The default VMAF model (model/vmaf_v0.6.1.json) also offers a custom model for cellular phone screen viewing. This model can be invoked by adding --phone-model option in the commands run_vmaf, run_vmaf_in_batch, and run_testing e.g.:

./run_vmaf yuv420p 576 324 \
    src01_hrc00_576x324.yuv \
    src01_hrc01_576x324.yuv \
    --phone-model

The subjective experiment uses similar video sequences as the default 1080p HDTV model, except that they were watched on a cellular phone screen (Samsung S5 with resolution 1920x1080). Instead of fixating the viewing distance, each subject is instructed to view the video at a distance he/she feels comfortable with. In the trained model, the score ranges from 0 to 100, which is linear with the subjective voting scale, where roughly "bad" is mapped to score 20, and "excellent" is mapped to score 100.

Invoking the phone model will generate VMAF scores higher than in the regular model, which is more suitable for laptop, TV, etc. viewing conditions. An example VMAF–bitrate relationship for the two models is shown below:

regular vs phone model

From the figure it can be interpreted that due to the factors of screen size and viewing distance, the same distorted video would be perceived as having a higher quality when viewed on a phone screen than on a laptop/TV screen, and when the quality score reaches its maximum (100), further increasing the encoding bitrate would not result in any perceptual improvement in quality.

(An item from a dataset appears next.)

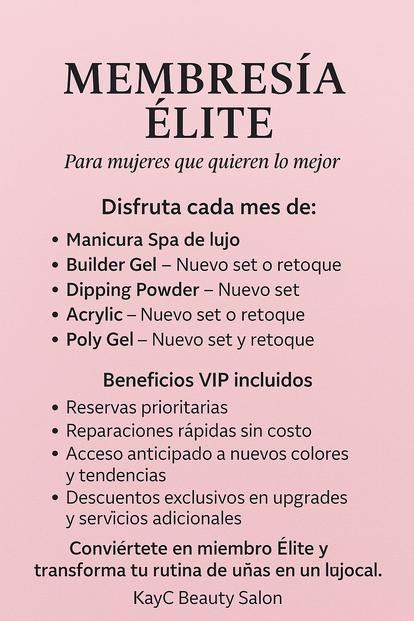 La Membresía Élite es la experiencia más completa y exclusiva de KayC Beauty Salon. Diseñada para mujeres que aman lucir impecables todo el mes, esta membresía te da acceso a los servicios más premium del salón, prioridad en citas y beneficios que NO obtienen las clientas regulares.
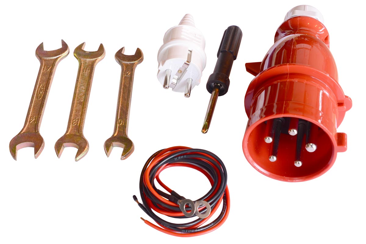 Электрическая вилка, разъем для АВР, предпусковой подогреватель, комплект проводов, колёса

Predict Quality on a 4KTV Screen at 1.5H

As of v1.3.7 (June 2018), we have added a new 4K VMAF model at model/vmaf_4k_v0.6.1.json, which predicts the subjective quality of video displayed on a 4KTV and viewed from the distance of 1.5 times the height of the display device (1.5H). Again, this model is trained with subjective data collected in a lab experiment, using the ACR methodology (notice that it uses the original 5-level discrete scale instead of the continuous scale). The viewing distance of 1.5H is the critical distance for a human subject to appreciate the quality of 4K content (see recommendation). More details can be found in this slide deck.

To invoke this model, specify the model path using the --model option. For example:

./run_vmaf yuv420p 3840 2160 \
    ref_path \
    dis_path \
    --model model/vmaf_4k_v0.6.1.json

Disabling Enhancement Gain (NEG mode)

For comparing encoders, VMAF offers a special mode, called No Enhancement Gain. This is described in the following blog post:

One unique feature about VMAF that differentiates it from traditional metrics such as PSNR and SSIM is that VMAF can capture the visual gain from image enhancement operations, which aim to improve the subjective quality perceived by viewers. (…) However, in codec evaluation, it is often desirable to measure the gain achievable from compression without taking into account the gain from image enhancement during pre-processing.

To disable enhancement gain, use the versions of the model files ending with neg.

More details on the reasoning behind NEG have been shared in this tech memo. A high-level overview can be found in this slide deck.

What are the Differences between Individual Models?

There are no material differences comparing 0.6.2 and 0.6.3 to 0.6.1.

0.6.2 and 0.6.3 were retrained later on the same dataset with the same hyperparameters, but based on the elementary features that have been slightly improved.

The models 0.6.2 and 0.6.3 also come with a way to compute the prediction confidence interval based on bootstrapping.